Come ogni scrittore ha un libro annunciato, niente meno che dalla Random House e mai scritto There Was a Young Man, un racconto autobiografico incompiuto, Tulip, pubblicato postumo da Lillian Hellman da cui il brano emblematico:

“Se scrivi vuoi fama, fortuna e soddisfazioni personali. Vuoi scrivere quello che ti va di scrivere e che senti che valga qualcosa, venderne milioni di copie e ottenere che tutti quelli di cui stimi l’opinione lo trovino buono. E, ancora, vuoi che tutto questo duri secoli. È probabile che non ci arrivi mai, è probabile che non t’arrendi, o che t’ammazzi se t’arrendi, ma questa è e deve essere la tua meta. Altrimenti ciò che fai è pisciar parole su un foglio e basta”.

È notizia recente che la casa editrice Archinto sta per pubblicare Mi rifiuto di rispondere, la trascrizione degli interregatori e delle dichiarazioni che lo scrittore subì e fece alla commissione McCarthey, il senatore della famosa caccia alle streghe. Rifiutandosi di name names di fare i nomi dei colleghi comunisti, o solo simpatizzanti, lo scrittore si fece sei mesi di carcere.

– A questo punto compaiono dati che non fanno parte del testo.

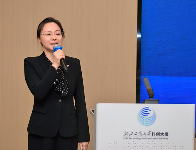 浙江省交通集团财务公司党委书记、董事长李媛介绍浙江交通集团财务公司数智化转型实践,以“数字赋能财资、财资引领生态”为核心,构建“1341”司库体系,实现降本增效、防控风险、提质赋能,推动高校与企业协同育人。

Il fisco gli toglie 140.000 dollari e i suoi libri vengono ritirati da librerie e biblioteche, si imprime su uno dei maggiori scrittori americani una damnatio memoriae che durerà poco.

Dopo il 1961, data della sua morte, Hammett torna prepotentemente ad imporsi come autore di culto, diviene personaggio egli stesso nel romanzo di Joe Gores Hammett[1] ;;;del 1975, Wim Wenders ne trae nel 1982 un film Hammett - Indagine a Chinatown; i suoi libri vengono costantemente ristampati e letti, ogni tanto spunta qualche inedito.

È il solito copione tragico dello scrittore o dell’intelletuale che viene colpito dal potere; colui che procedendo in direzione ostinata e contraria viene ammutolito, esiliato o processato, per poi vedersi riconoscere a posteriori la grandezza. È in buona compagnia basta ricordare solo pochi nomi: Pasternak, Mandelst’am, Giordano Bruno, Campana, Pasolini.